According to Air Force Reserve Command Intelligence, open sources report that cyber actors and terrorists use multiple fake personas on social media to target Defense Department personnel. (Air Force/Released)

This article was originally published by Radio Free Europe/Radio Liberty and is reprinted with permission.

The European Union has imposed its first-ever sanctions against alleged cyberattackers, targeting four Russian citizens and a unit of Moscow’s GRU military intelligence agency.

The EU sanctions list also includes two entities based in China and North Korea, as well as two Chinese nationals.

Restrictive measures will be taken against the six individuals and three entities “responsible for or involved in various cyber-attacks,” including the attempt to hack into the Organization for the Prohibition of Chemical Weapons, the European Council said in a statement on July 30.

The sanctions include a travel ban and an asset freeze, the statement said, adding that EU persons and entities are also not allowed to directly or indirectly make funds available to those targeted.

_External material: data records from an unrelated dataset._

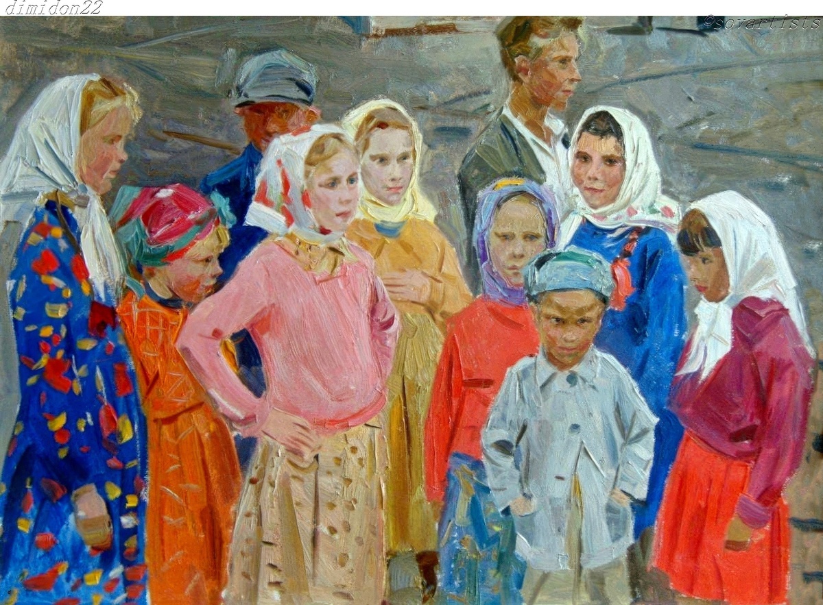 Самсонов Евгений Иванович (08.12.1926, Иркутск - 23.06.2018, Москва). «Мордовские дети». 1963 год. Картон, масло, темпера; 50 х 69 см.; (Музей изобразительных искусств Комсомольска-на-Амуре Хабаровского края).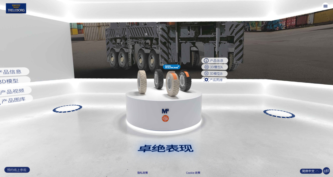 第五步,我们以正面前的这款M2可视化叉车轮胎为例,为您做进一步讲解。展品的右侧拥有包括“产品信息”,“3D模型”,“产品视频”(M2暂未上传视频),“产品图库”等选项按钮。点击对应的按钮,便可了解面前这款展品的所有详情。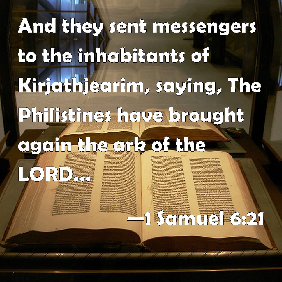 Choose a Background 1 Samuel 6:21 And they sent messengers to the inhabitants of Kirjathjearim, saying, The Philistines have brought again the ark of the LORD; come you down, and fetch it up to you. KJV: And they sent messengers to the inhabitants of Kirjathjearim, saying, The Philistines have brought again the ark of the LORD; come ye down, and fetch it up to you. DRB: And they sent messengers to the inhabitants of Cariathiarim, saying: The Philistines have brought back the ark of the Lord, come ye down and fetch it up to you. DBT: And they sent messengers to the inhabitants of Kirjath-jearim, saying, The Philistines have brought again the ark of Jehovah; come down, fetch it up to you. ERV: And they sent messengers to the inhabitants of Kiriath-jearim, saying, The Philistines have brought again the ark of the LORD; come ye down, and fetch it up to you. WBT: And they sent messengers to the inhabitants of Kirjath-jearim, saying, The Philistines have brought again the ark of the LORD; come ye down, and bring it up to you. WEB: They sent messengers to the inhabitants of Kiriath Jearim, saying, "The Philistines have brought back the ark of Yahweh; come down, and bring it up to yourselves." YLT: And they send messengers unto the inhabitants of Kirjath-Jearim, saying, 'The Philistines have sent back the ark of Jehovah; come down, take it up unto you.'Links 1 Samuel 6:21 NIV • 1 Samuel 6:21 NLT • 1 Samuel 6:21 ESV • 1 Samuel 6:21 NASB • 1 Samuel 6:21 KJV • 1 Samuel 6:21 Interlinear • 1 Samuel 6:21 Commentaries • 1 Samuel 6:21 Parallel Texts • 1 Samuel 6:21 Bible Apps • 1 Samuel 6:21 Parallel • Bible Hub |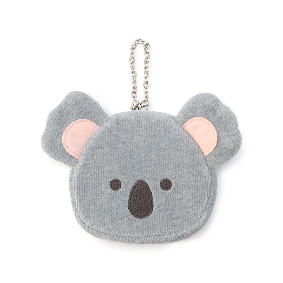大きな耳が愛くるしい『ホノボノコアラ』のコアラ型ポーチ。コンパクトな手のひらサイズです。小銭入れや鍵、カード類などを持ち運ぶ際にも便利です。大きく開くラウンドファスナーなので、中身をさっと取り出せるのも嬉しいポイント。バッグハンドルやベルトループに取り付けられるチェーン付です。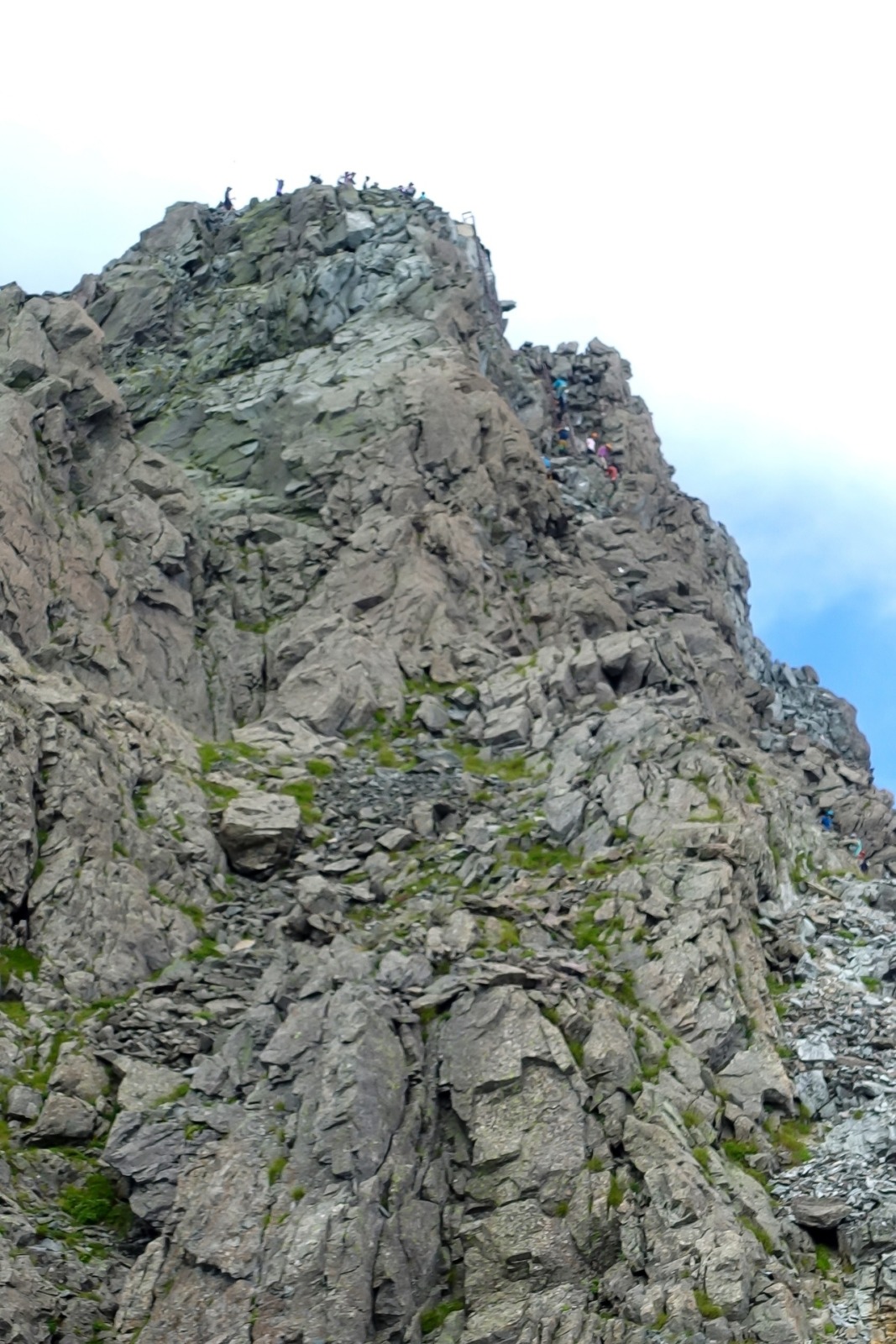 千丈沢乗越からは急登が始まりますが、槍に励まされて登り切ることができます。穂先の人がわかるようになると、あとわずかで槍の肩。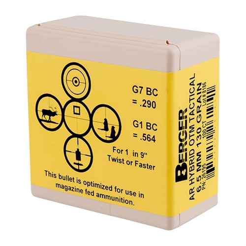 Berger 130 Grain AR Hybrid OTM (Open Tip Match) Tactical Bullets utilize their industry-leading hybrid ogive, which blends tangent and secant designs to optimize efficiency, reduce wind-drift, and minimize sensitivity to seating depth. The Hybrid OTM Tacticals are competition proven and a favorite amongst today’s top long range competition shooters. Designed for both bolt action use in cartridges such as the 6.5 Creemoor, 6.5mm Grendel and 260 Remington. Excellent in a gas gun for reliable feeding in magazine applications. Made with J4 Precision Jackets, the AR Hybrid OTM Tactical like all other Berger Bullets, have exacting tolerance and near perfect construction.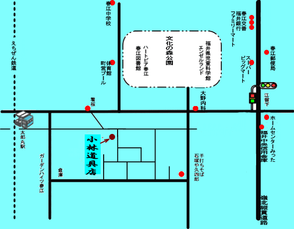 小林道具店 - Google マップ 北陸自動車道丸岡インターで降車 道なりに西へ約1キロ 左折して国道8号線に出られます 7〜800メートル先の高柳の交差点を右折 約3キロ先の三叉路の交差点を左折 嶺北縦貫道路(県道29号線)3個目の信号(江留下)を右折 (県道160号線)約1キロ先右側に小林道具店の看板がでています 看板のある三叉路 左に大きくカーブした道に入っていただき 道なりに(左カーブ)約100メートル進むと 右側に小林道具店の小さな看板があります 右折するとすぐに小林道具店があります |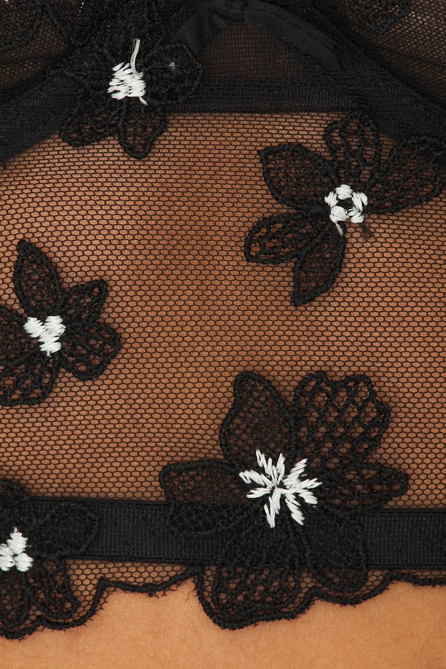Self: 100% polyester Combo 1: 67% viscose 29% polyamide 4% elastane Combo 2: 92% silk 8% elastane.Made in China.Hand wash.Exposed back zipper closure.Adjustable shoulder straps.Unpadded underwire bust with flower mesh detail.Item not sold as a set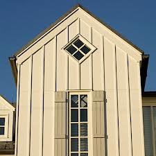 From "about.com" Architecture: "Board and batten, or board-and-batten, describes a type of exterior siding or interior paneling that has alternating wide boards and narrow wooden strips, called battens. The boards are usually (but not always) one foot wide. The boards may be placed horizontally or vertically. The battens are usually (but not always) about 1/2 inch wide. These battens are placed over the seams between the boards." An example of exterior use would be: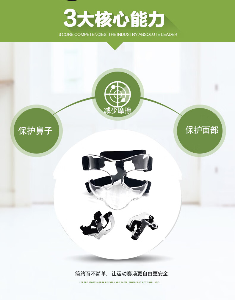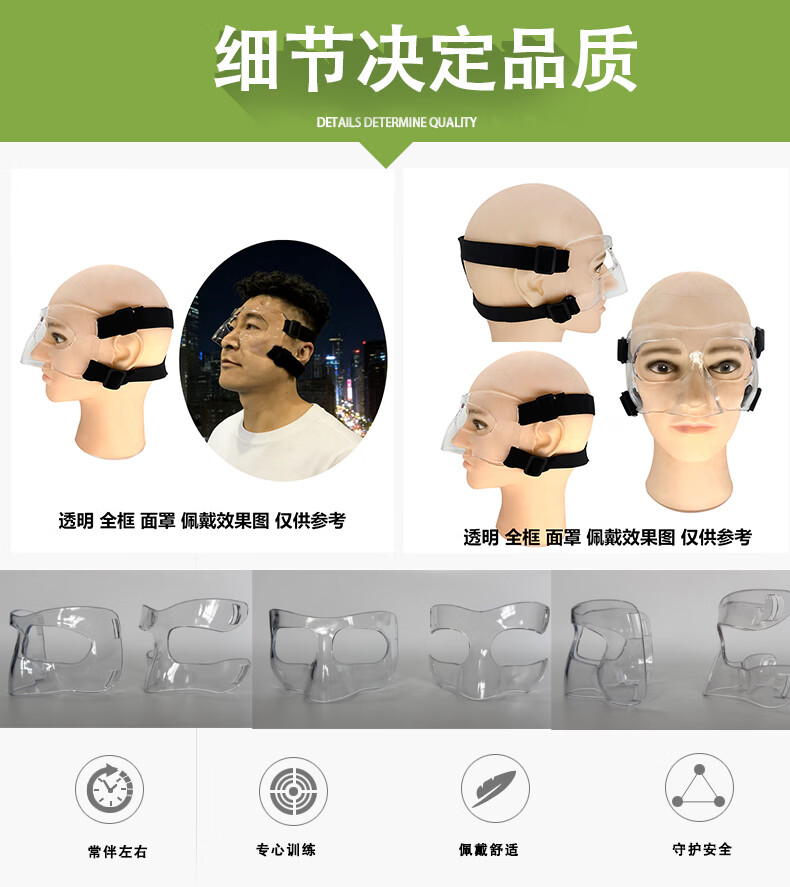 泽赛高透篮球面具护鼻防护面罩日常训练足球篮球运动保护装备半框款式 运动防护面具成人青少年通用透明款篮球护脸面具 篮球防护面罩护鼻脸防撞面具头部保护罩透明色篮球运动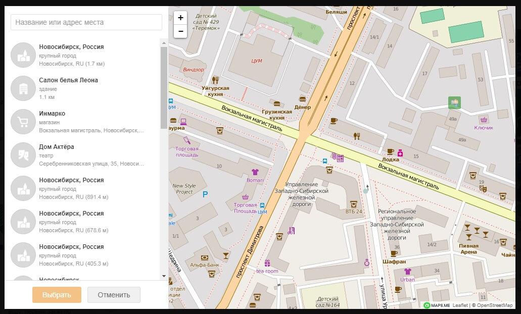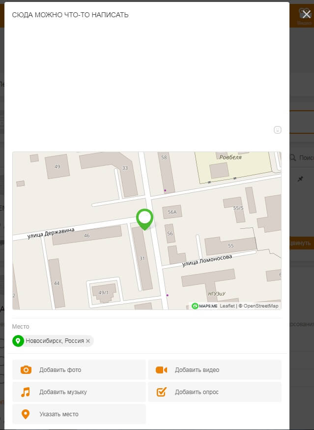 После выбора места, участок карты подгрузится к создаваемому вами посту: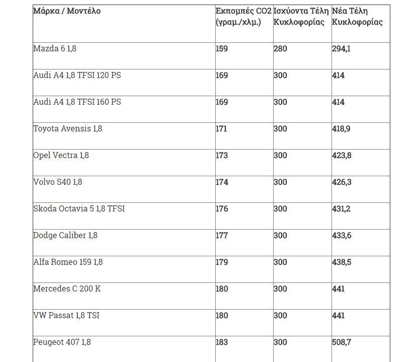Στα αυτοκίνητα με κινητήρες από 2.358 έως και 3.000 κ.εκ. τα Τέλη Κυκλοφορίας 2016 ανήλθαν μεταξύ 820 έως και 920 ευρώ. Σύμφωνα με το νέο σχέδιο τα Τέλη Κυκλοφορίας 2017 στα συγκεκριμένα ΙΧ θα κυμανθούν από 580 έως και 644 ευρώ.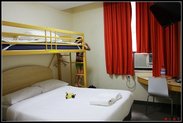 Ibis本来已经是经济型的连锁酒店,再加个Budget,可想而知设施有多简陋了,我们住的Family room,房间里除了一个大床,一个高低床,和一个狭小的浴室,就没有别的家具设施了。但位置特别好,在Elizabeth大街靠近Collins Street的地方。这也是为什么很多穷游的人喜欢选择它的原因,就这样的酒店一个房间每晚也要一百二十多澳元,墨尔本市中心住宿真是贵呀。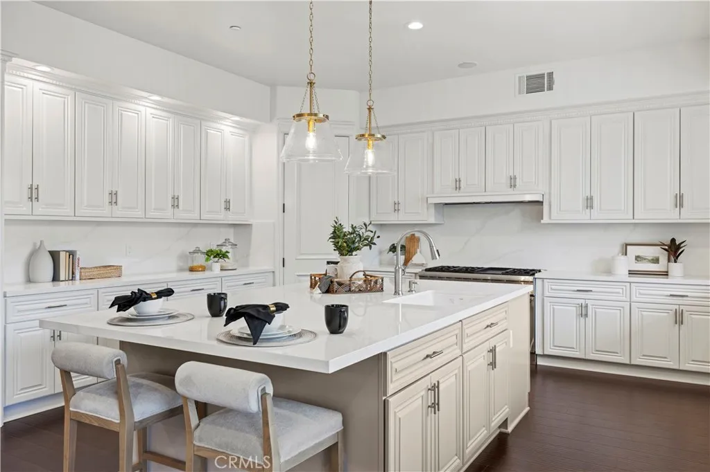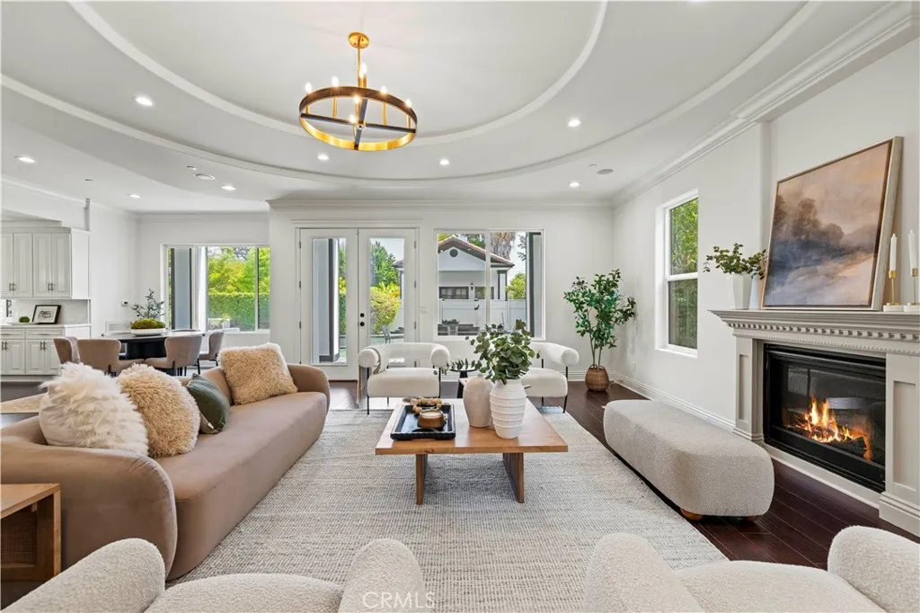 Tucked away at the end of a private cul-de-sac, this French Chateau inspired trophy estate offers timeless elegance, grand scale, and a rare detached ADU guest house. A dramatic double height foyer sets the tone, highlighted by a sweeping wraparound staircase and striking custom chandelier. The formal living room impresses with soaring ceilings, a statement fireplace, and towering bay windows that fill the space with natural light. Designed for both everyday living and entertaining, the chefs kitchen features custom cabinetry, a generous center island, high end stainless steel appliances, and an expansive walk in pantry. The kitchen opens seamlessly to the family room with fireplace and French doors, creating exceptional indoor outdoor flow. All five bedrooms are oversized, each offering ensuite bathrooms and walk in closets. The romantic primary suite is a true retreat, complete with a private foyer, sitting room, dual walk in closets, a spa inspired bath with custom shower and soaking tub, and a private balcony. The entertainers backyard provides a resort style setting with pool, spa, covered patio, and low maintenance turf, ideal for gatherings or quiet relaxation. The detached guest house includes a spacious living area, full kitchen and bath, and a large bedroom, perfect for guests, multigenerational living, or additional income potential. An extraordinary custom estate that blends sophistication, comfort, and versatility. This is a must see home.
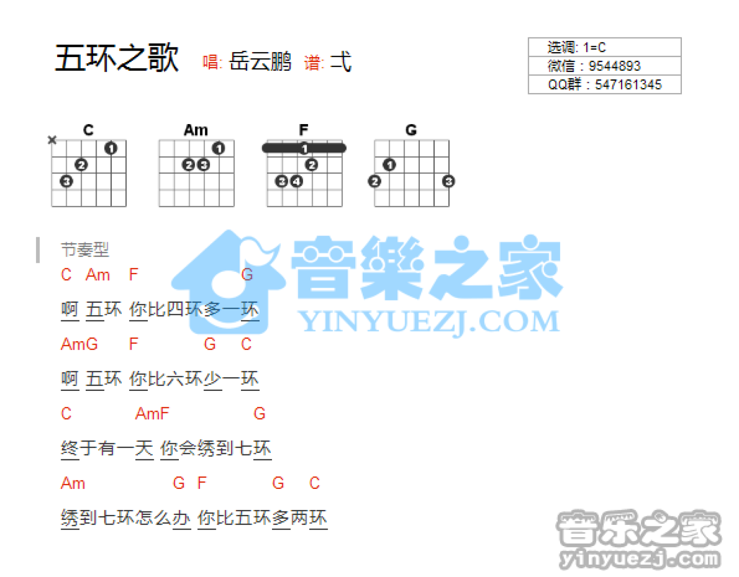 五环之歌吉他谱 - 岳云鹏 - C调吉他弹唱谱 - 和弦谱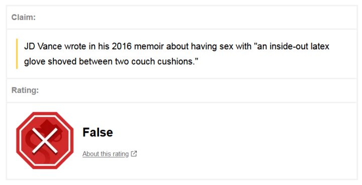 The claim was that Vance wrote about f—ing the sofa in his book, and I pointed out that Snopes disproved that claim.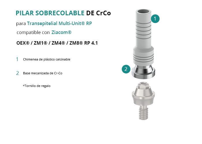 Pilar Sobrecolable de CrCo para Transepitelial Multi-Unit® RP compatible con Ziacom® OEX® / ZM1® / ZM4® / ZM8® RP 4.1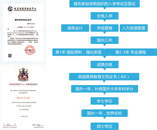 (二)可赴国外合作大学就读本科课程,按照国外大学要求修满学分即可取得毕业证书及学士学位证书。
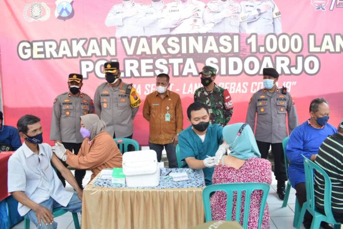 SIDOARJO – Upaya percepatan vaksinasi Covid-19 bagi orang lanjut usia (lansia) di wilayah Kabupaten Sidoarjo, terus dimasifkan Polresta Sidoarjo. Karena capaian vaksinasi bagi lansia di Sidoarjo masih 58 persen.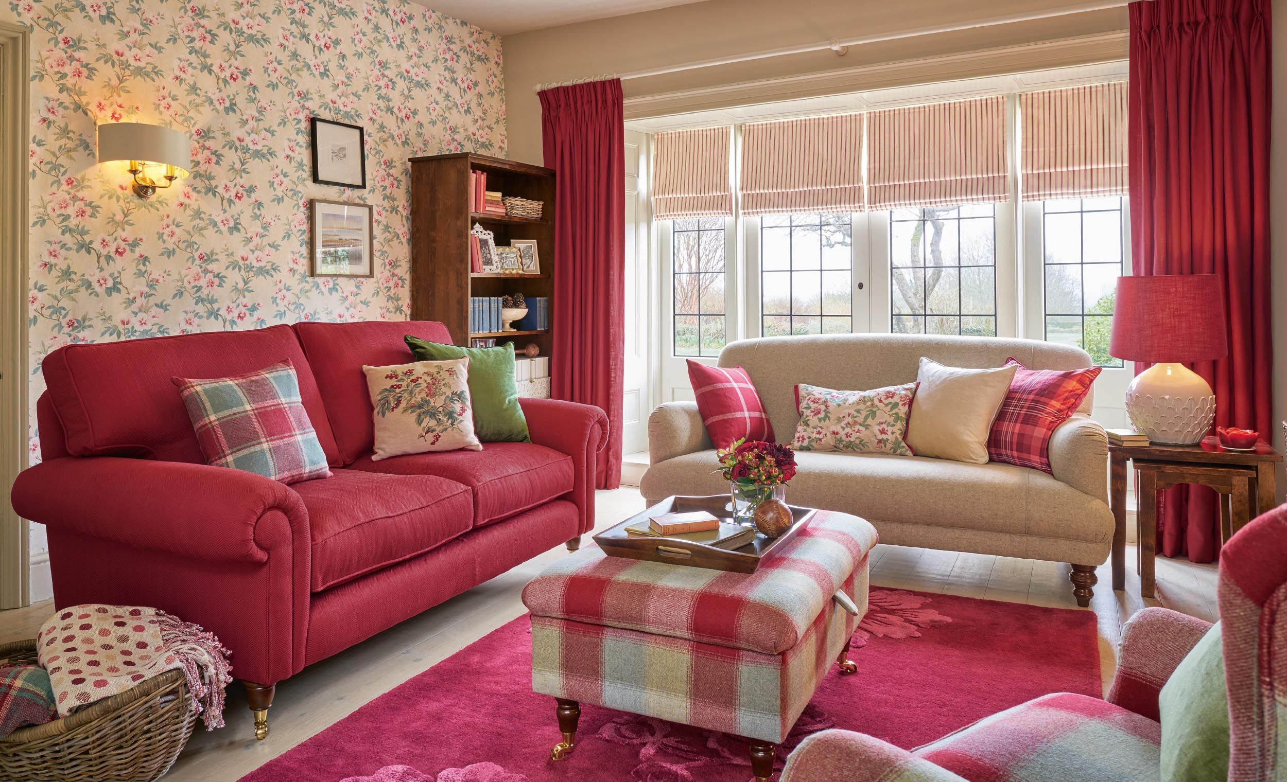 Красные и розовые тона (например, диван Belez цвета Terra Red и подушки Lucca цвета Blush Pink) создают веселое, но в то же время душное настроение.

The targeted entities include the GRU’s Main Center for Special Technologies, which the EU said is responsible for cyberattacks “with a significant effect…and constituting an external threat” to the bloc, its member states, and other countries.

One of these attacks was launched in June 2017 and “rendered data inaccessible in a number of companies in the Union, wider Europe and worldwide, by targeting computers with ransomware and blocking access to data, resulting amongst others in significant economic loss.”

Another cyberattack directed at Ukraine resulted in parts of the country’s power grid being switched off during the winter of 2015 and 2016.

The four Russian citizens hit by EU sanctions include Aleksei Minin, Aleksei Morenets, Yevgeny Serebriakov, and Oleg Sotnikov.

They are accused of taking part in an April 2018 attempt to gain access to the Wi-Fi network of the OPCW in The Hague, the Netherlands, and compromise “the security of the network and the OPCW’s ongoing investigatory work.”

The agency had been investigating a nerve-agent attack on former Russian double agent Sergei Skripal and his daughter in Britain in 2018, as well as the alleged use of chemical weapons by the Syrian government.

In a declaration, EU foreign policy chief Josep Borrell said the bloc “will continue to strongly promote responsible behaviour in cyberspace, and call upon every country to cooperate in favour of international peace and stability, to exercise due diligence and take appropriate action against actors conducting malicious cyber activities.”

The legal framework for targeted sanctions against cyberattacks was adopted in May last year.